By the way why are the other 4 guys stooges? While I sort of wondered what they were doing, I cannot see them as stooges at this point. I see them as posing for a picture - does that make them stooges? I note that from left to right, 1, 3, and 4 have the slide back on their guns and I cannot tell on 2. Not one of them seems to be effected by recoil, no shell casings flying through the air that I can see, no muzzle flash, no smoke. So maybe they opened the slides to make it a safer photo shoot or, maybe the three of them fired at precisely the same time and their pistols' slides went back at the exact same rate and recoil has not yet effected the men although it did make the slides go back (is that possible). As for the #2 man, I think he has a 22 semi-auto where you cannot as easily see if the slide is back (note the seemingly smaller muzzle opening than the other guns and the different style of pistol or is it a revolver).


All the best,
Glenn B

otasan
May 23, 2005, 11:44 PM
Please especially explain the last sentence. Are you saying you handled that firearm while others were downrange?

I DID NOT touch his pistol until used my forefinger only to carefully depress the exposed magazine release. A magazine with at least one round of .45ACP hardball slid out.

Here is the likely scenario had I not ejected the magazine: negligent shooter picks up pistol while pinsetters are downrange, closes slide, pulls trigger prior to holstering. Bang! Several surprised pinsetters, maybe one wounded or dead pinsetter.

The bottom line is that the range safety officer did not personally examine the two handguns just used on the firing line to MAKE SURE that they were unloaded prior to calling the line "safe."

In four decades of competition shooting I had never seen such negligent gun safety procedures.

I have had other very scary situations at the Chester Rod & Gun Club. Once a shooter swept the spectators with a Condition Zero M1911A1 .45 ACP pistol. Many other times shooters broke 180 while unloading their pistols. One very memorable time a shooter came up to the firing line with a .44 Magnum revolver with its cylinder closed. I was the RSO, so I asked him to open the cylinder. He did, and it was loaded with the shiniest, nastiest JHP rounds. In all of the above CF&GC examples, it was just shooter negligence.

In the case of the Lawrence Rod & Gun Club on 16April2005, it was CLUB negligence. No eye protection required? No double-checking of firearms? At a pin match? Outrageous. :uhoh:

slowworm
May 24, 2005, 10:41 AM
I'll echo the comment about Chester Rod & Gun.

I've had a couple of scary incidents there and didn't renew my membership, though mostly it was because the club was really run for the benifit of the bowhunters and sporting clays crowd who had no issue regularly shutting the whole place down to run their competitions.

GRB
May 24, 2005, 10:00 PM
Here is the likely scenario had I not ejected the magazine: negligent shooter picks up pistol while pinsetters are downrange, closes slide, pulls trigger prior to holstering. Bang! Several surprised pinsetters, maybe one wounded or dead pinsetter. I believe you had good intent to by hitting the mag release on said pistol but, that certainly was far from the best/safest choice of action. Other choices could have done better while at the same time not resulted in what you call the probable scenario as quoted above.
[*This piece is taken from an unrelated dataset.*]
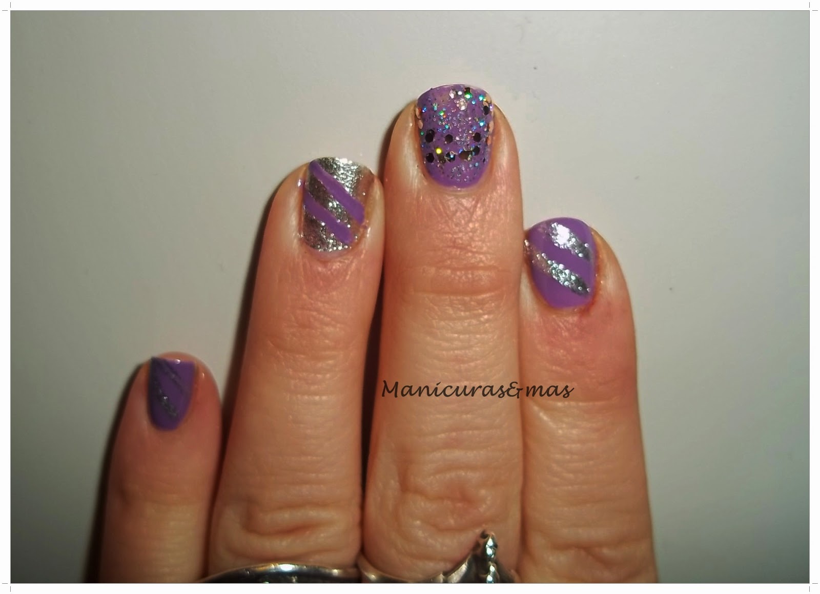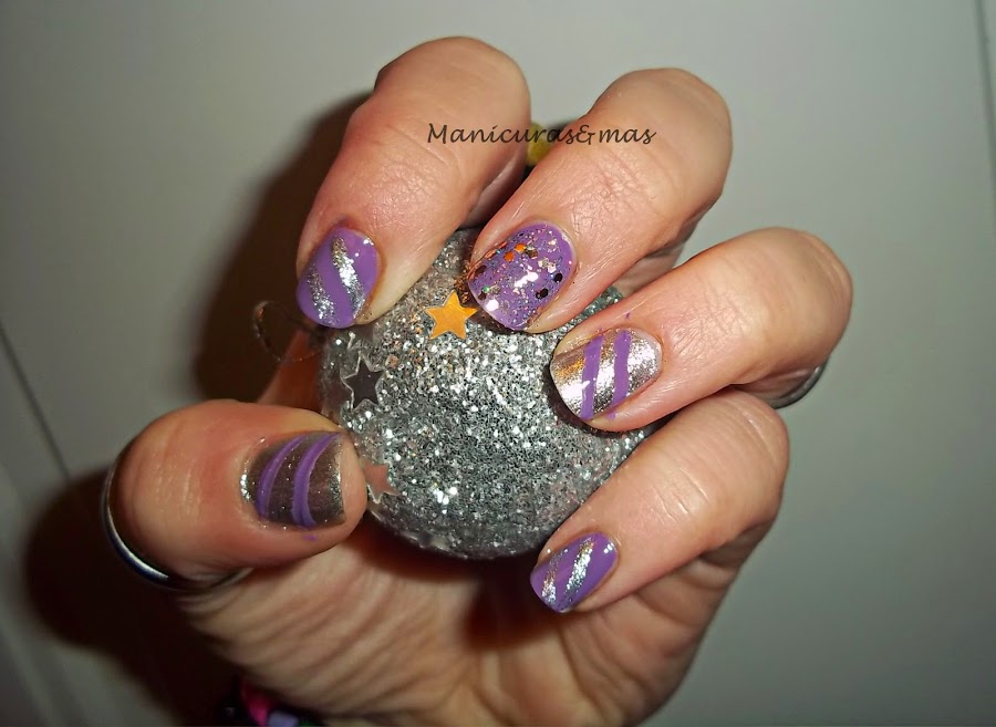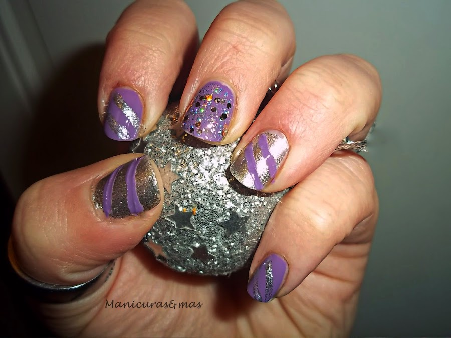 Hoy martes, como bien dijo Cyra, os traigo mi propuesta de manicura para estas Navidades. Le he estado dando mil vueltas a la cabeza ya que no se me ocurría nada que hacer, esta semana no he estado nada inspirada. Menos mal que siempre está ella para darme alguna idea y me dijo que los colores morados y plateados suelen quedar bien. Pues esas son las dos tonalidades que lleva mi manicura.

Don't get me wrong, I believe their range safety as you described seems extremely negligent but, I cannot condone anyone handling a firearm (especially one with bullets anywhere in it) while shooters are further downrange either. I understand why you did it, but it could have been done much more safely than handling that pistol while others were downrange. It would have been much better to stand by watching the pistol and ask someone to call the rangemaster over to you, or in a loud voice to call for the rangemaster yourself. No people would not like that, but tough cookies if they got embarassed. Or it would have been fairly good to wait until everyone was behind the line and then inform the shooter he had forgotten a round in the gun - and yes of course if he had returned to the line first you could have told him about it and then strongly suggested he wait until everyone else was behind the line before he handled it. Yeah they sound outrageous at that gun club but, them being outrageous does not make your handling of a gun behind other shooters a good or safe thing to have done even when your intent was correct. I have seen too many accidents at the range over the years to ever touch a gun like that with folks downrange.

All the best,
Glenn B

otasan
May 24, 2005, 10:26 PM
I believe you had good intent to by hitting the mag release on said pistol but, that certainly was far from the best/safest choice of action. Other choices could have done better while at the same time not resulted in what you call the probable scenario as quoted above.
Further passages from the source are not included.